Although the underlying causes and mechanisms have been defined relatively well in decades of research, the very definition of PTCP remains surprisingly vague. As stated at the start, it is usually understood to be “finding of spuriously low platelet counts”. The spuriosity of the phenomenon is usually confirmed by the detection of either of the two described in vitro phenomena (aggregation and satellitism) in a peripheral blood smear and/or through the detection of a normal (or at least significantly higher) platelet count using an anticoagulant other than EDTA (mainly citrate or magnesium sulfate (MgSO₄) for the collection of the blood sample. But several important questions remain: How low is low? The name PTCP suggests that it can only be diagnosed, when the spurious result is that of a thrombocytopenia (and therefore below 150/nL by the most common definition). But what about cases where aggregates and/or a significant difference in the platelet count between EDTA WB and citrate WB can be detected but the platelet count in EDTA is within the reference range?
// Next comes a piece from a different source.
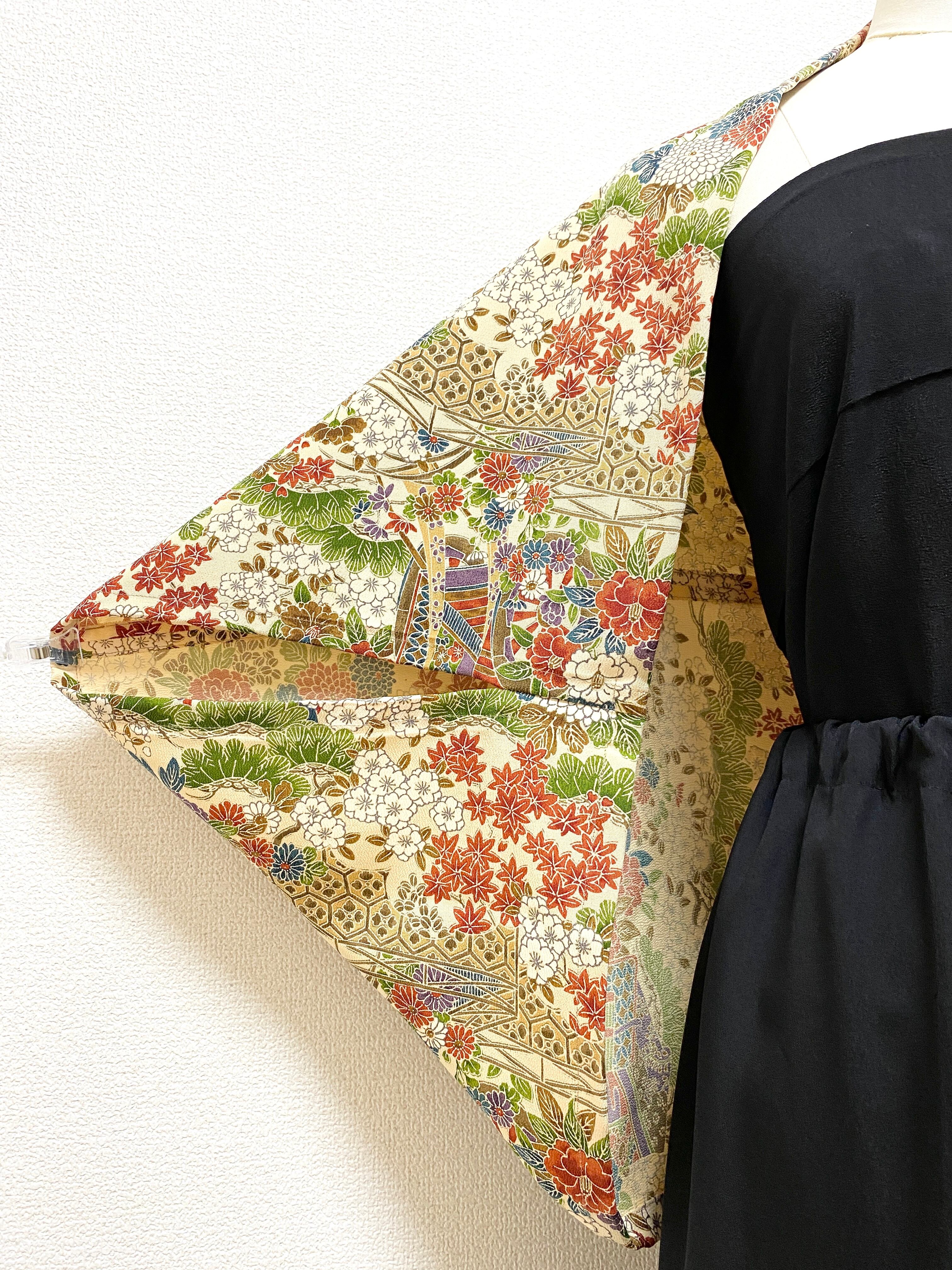商品はハンドメイド職人が1点1点丁寧に仕上げております。生地の検品は厳選し注意して行っておりますが古帯・古着物をリメイクという特性上、生地にごく多少の難(糸や生地の擦れ折りシワ針穴など等)がある物もございます。ですが販売するにあたりよほどのシミや糸ほつれ・臭いのあるものは使用しておりませんのでご安心頂き着物帯リメイクをご理解・ご了承のうえ購入して頂きますようお願い致します

Furthermore, what is a “significant difference” between platelet counts in EDTA and citrate WB? There is no common definition of how far apart these two measurements have to be, either in absolute or in relative terms, in order for PTCP to be suspected. This is further complicated by the fact that the duplicated measurement of platelets in both EDTA and citrate WB regularly returns slightly higher results for the former anticoagulant [8], [9], [10], partly due to matrix effects caused by the dilution [10], partly due to temporal instability of platelets in citrate WB [11], [12], [13], [14]. Therefore, when contemplating the difference between platelet counts in EDTA and citrate WB, one has to bear in mind that the norm for this difference is not zero, or, in other terms: even a difference of zero between two platelet counts could be compatible with a very mild form of PTCP. Finally, to date there is no international consensus on what is to be considered a platelet aggregate in the peripheral blood smear (i.e. how many platelets have to be aggregated) and how many of these aggregates have to be found in how many visual fields for aggregates in the blood smear to be reported. There have been some efforts towards a more unified approach in these two latter questions [12, 15, 16], but no generally agreed consensus.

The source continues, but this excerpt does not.